Вот так они ехали и разговаривали, легко и находчиво, шутливо и не без серьезности, ну, как и должно было им разговаривать, но этот разговор был на поверхности, он был не главным у них. Главный же их разговор шел без слов, он состоял из взглядов, этих вскинутых на короткий миг глаз, когда человек смотрит на человека, с счастливым ужасом спрашивая себя: «Он?!», «Она?!»
Тут важно все, глаза усматривают всякую малость, тут важен и звук голоса, очень важен звук голоса, но почти ничего не значат слова. Для них еще придет время — для слов.
Домик, в котором жила Катя, был домиком из Сашиного детства, когда отец с матерью на лето снимали где-нибудь под Москвой дачу. И не только совсем простенький этот дом с открытой террасой, какие теперь уже не строят, но и деревья вокруг дома, старые березы и сосны, но и мебель на террасе, грубо сбитый стол, древние венские стулья, но и этот самовар на столе, гордящийся выбитыми на нем медалями, — все это было из Сашиного детства, из страны Счастья. И Катина мама была из той же поры, и Катин дед тоже. Увидев их, Саша понял, что и Катя была кем-то прислана ему из того времени. Кем же это? Судьбой?

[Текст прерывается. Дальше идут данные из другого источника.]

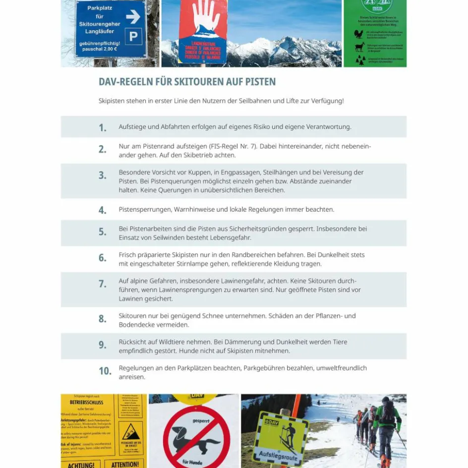 Die Skitouren-Lehrpfade und der Skitourenpark vermitteln von der Steigtechnik bis zur Lawinenkunde wichtiges Grundwissen für die zwölf Touren auf aufgelassenen Pisten und 21 leichten Skitouren. Das Zielgebiet erstreckt sich auf Oberbayern, das Allgäu und Tirol, manche Regionen eignen sich dank ihrer Tourendichte ideal für den Kurzurlaub. Einige Ziele sind auch bequem mit den öffentlichen Verkehrsmitteln erreichbar.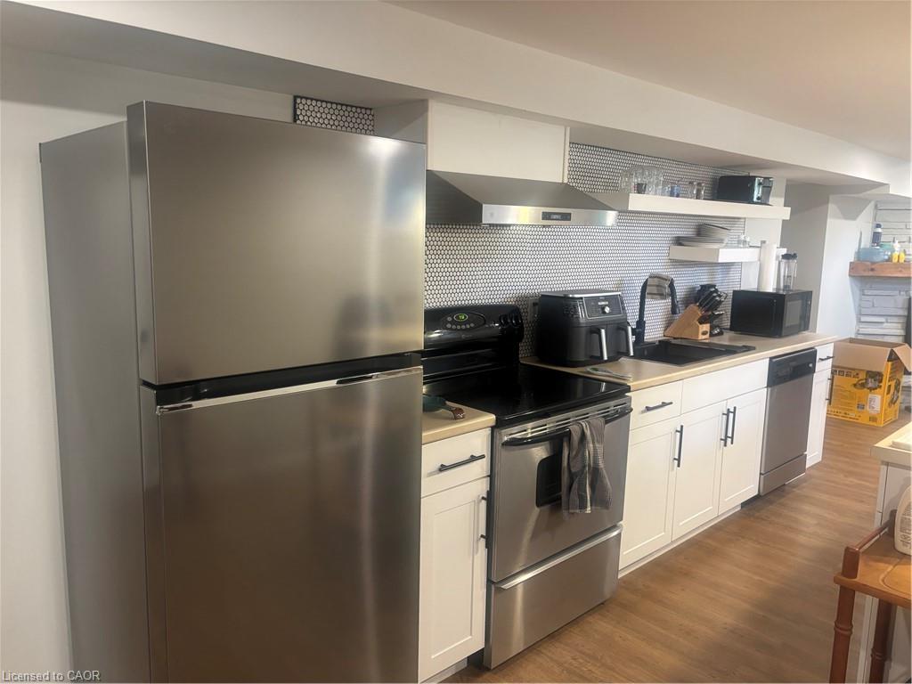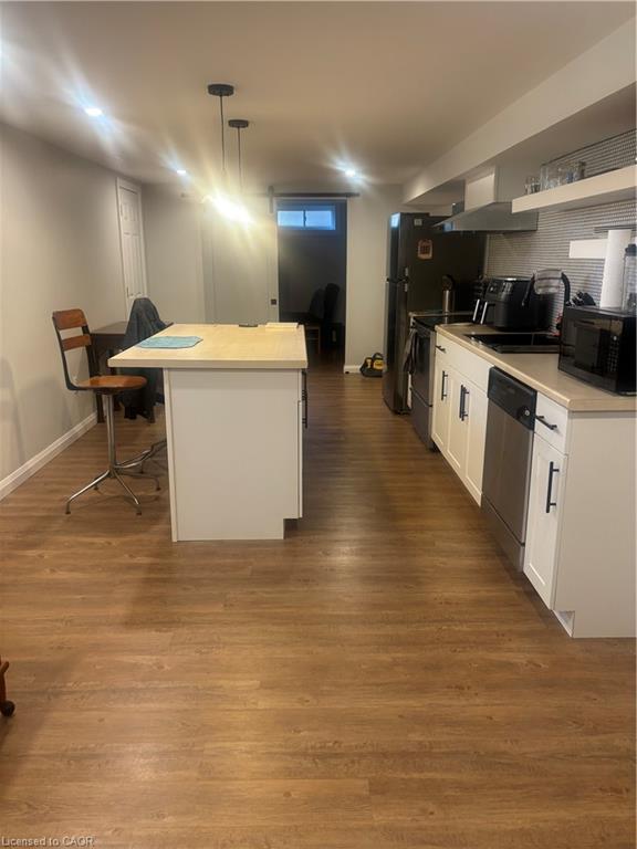 Renovated and updated, this spacious 2 bedroom, 1 bathroom full basement rental is located on a quiet treed lined street in an excellent neighbourhood within walking distance to grocery, shopping, restaurants and public transit. Easy access to expressway, great for commuters. This spacious and carpet free unit has everything you need with 2 bedrooms, updated kitchen with ample counter/cupboard space and large island, open concept living space, laundry in suite (not shared with upper unit), and 1 parking space included. Perfect for young professional.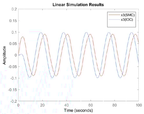 The unstable system in this example can be properly controlled by both sliding mode control (SMC) and inverse optimal control (IOC) to have bounded closed loop state responses. As shown in Figure 7, Figure 8, Figure 9 and Figure 10, for matched disturbance case in this example, when SMC is properly designed, its performance could be better than that of IOC because SMC can have smaller state responses in Figure 7, Figure 8 and Figure 9 by applying smaller control effort in Figure 10.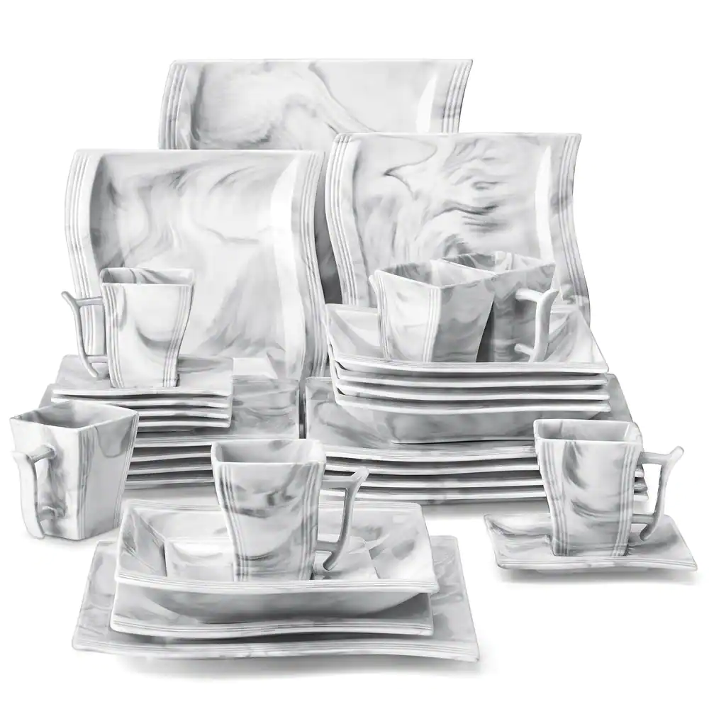 MALACASA Flora 30-Piece Marble Gray Porcelain Dinnerware Set with Dinner Plates, Cup and Saucer Set (Service for 6)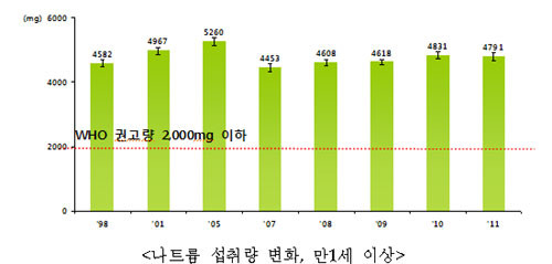 이에 보건복지부 관계자는 “우리나라 나트륨 섭취량이 여전히 높기는 하나 전년에 비해 다소 감소한 것은 고무적”이라며 “앞으로도 나트륨 줄이기에 동참하는 건강음식점 지정을 확대하고, 외식업중앙회 등을 통해 싱겁게 조리하는 문화가 확산되도록 하겠다”고 밝혔다.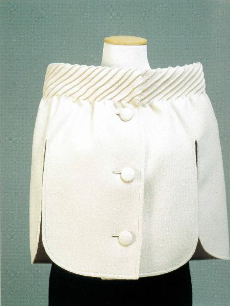 - NOTIZIE STORICO CRITICHE Il giacchino (primavera 1962 haute couture) presenta forti analogie con un modello pubblicato su "Linea" della primavera 1962 ("Pierre Cardin non ha abbandonato le lavorazioni a nervature, che qui ha eseguito attorno allo scollo della robe-manteau fornita di cappa a conchiglia").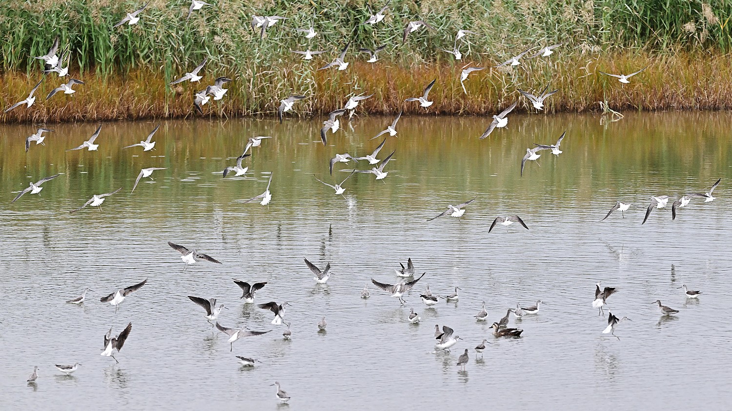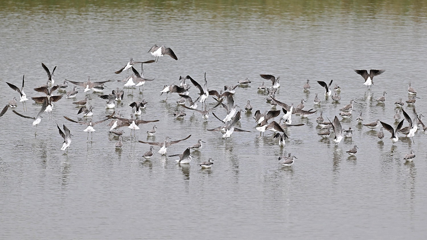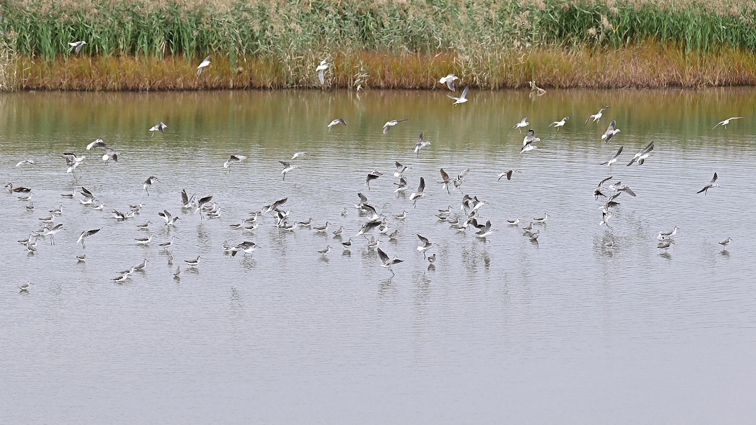 청다리도요들이 수백 여마리가 무리를 지어있는 모습이 장관이다.
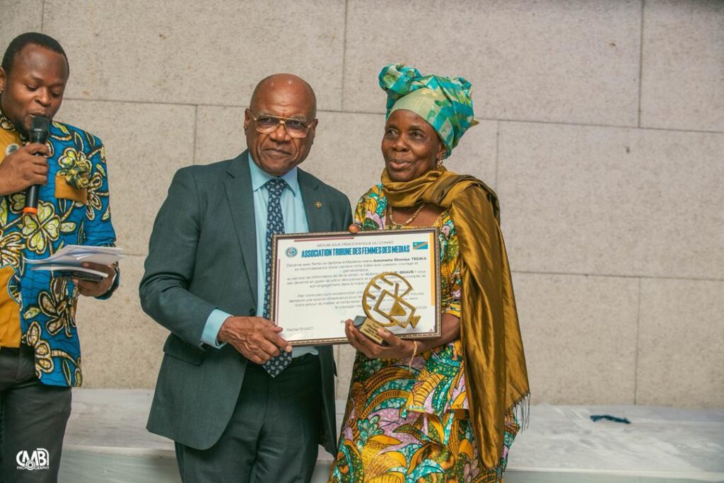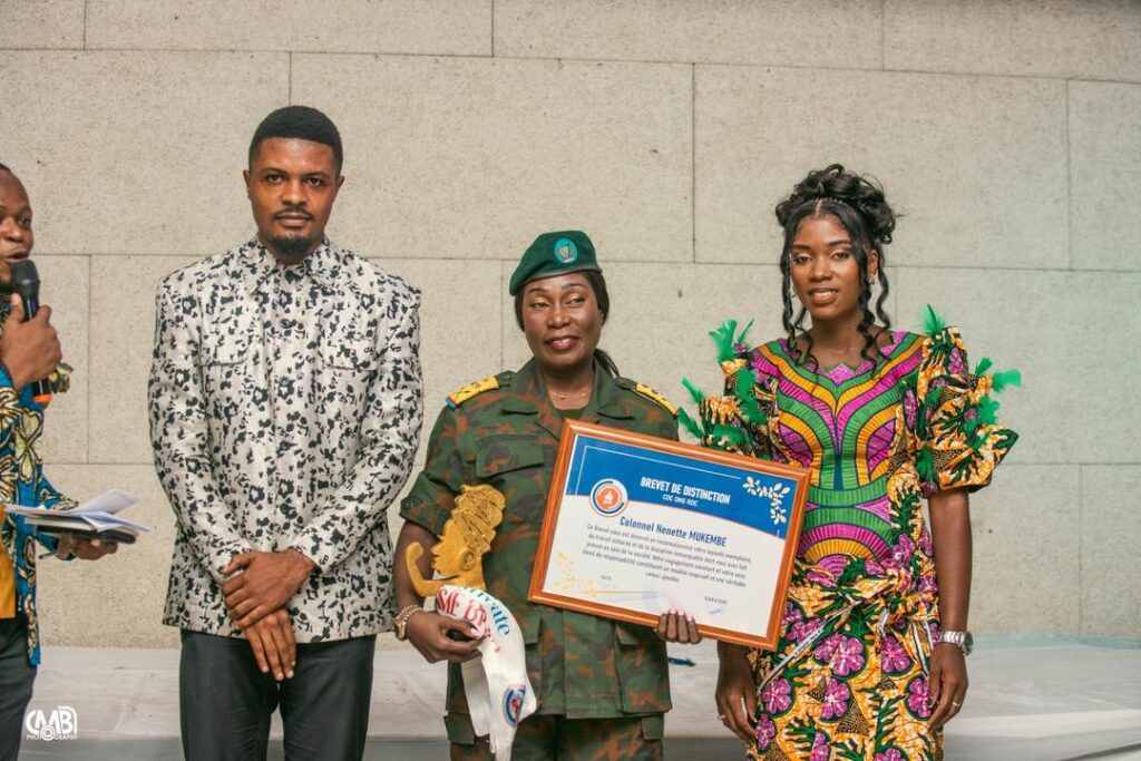 Ont également été honorées une agente de régulation de la circulation, communément appelée « maman roulage », en poste à Kabinda Huilerie, pour son engagement sur la voie publique ; Mme Ekomiya Tedika, ancienne journaliste, aujourd’hui promotrice de la culture à travers le pagne et les langues nationales ; ainsi que Virginie Ambassa, présidente d’une fondation spécialisée dans la valorisation de la beauté naturelle à base de produits locaux.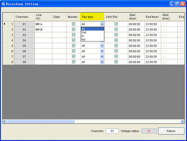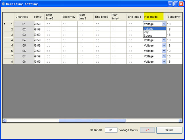 The system with Voltage Control,Key Control,Sound Control and so on..Start time of recording can be set freely –can record some duration ,or record whole a day.

Его встретили спокойно, не принялись дружно рассматривать, как это часто водится в семьях, где есть девушка на выданье и где в каждом молодом человеке прежде всего видят потенциального жениха. Рослый, сухой старик, Катин дед, дружелюбно кивнул ему, маленькая, худенькая женщина, Катина мама, добро и доверчиво улыбнулась, мохнатый пес Бимка не зло, но облаял. Разумеется, его все же разглядывали, а пес даже и обнюхал, но делалось это с тактом и без каких-то там далеко идущих соображений. Разве что у пса были эти соображения. На то он и пес, чтобы жить предвидением.
Пока Катя переодевалась в соседней комнате и в полуоткрытую дверь был слышен ее голос, сели к столу.
— К нам сегодня женщина в тяжелом состоянии поступила, — говорила Катя, расхаживая за дверью. — Что еще покажет вторая пункция. Сергей Сергеевич сказал, что будет сражаться. Это он родственникам ее сказал. Они спросили, есть ли надежда, а он сказал, что не любит этого слова, как и «авось», как и «а вдруг». «Буду сражаться, — сказал он. — Всеми родами оружия. Менингит — опасный враг, но мы его попробуем побить». Другие врачи утешают, успокаивают, а родственники ревут. Сергей Сергеевич не утешает, говорит только правду, а родственники в него верят, как в бога. — Катя вышла из комнаты, она была в брюках, в тельняшке — совсем паренек. — Жаль, что скоро стемнеет, — сказала она Саше. — Побродили бы по лесу, показала бы тебе Москва-реку. У нас тут красиво. Мама, я есть совсем не хочу, потом захочу. Мне бы чаю. Дедушка, ну, вы уже познакомились? Составил мнение? Бимка, а ты составил? — Она села к столу, рядом с Сашей села, — снова не та, новая, паренек в тельняшке, — но в голосе ее все та же жила натянутая струна. Задевая Сашу локтем, она налила ему чаю, налила себе, спросила, пододвинув Саше стакан: — Может, ты выпить хочешь? Дед, есть у нас?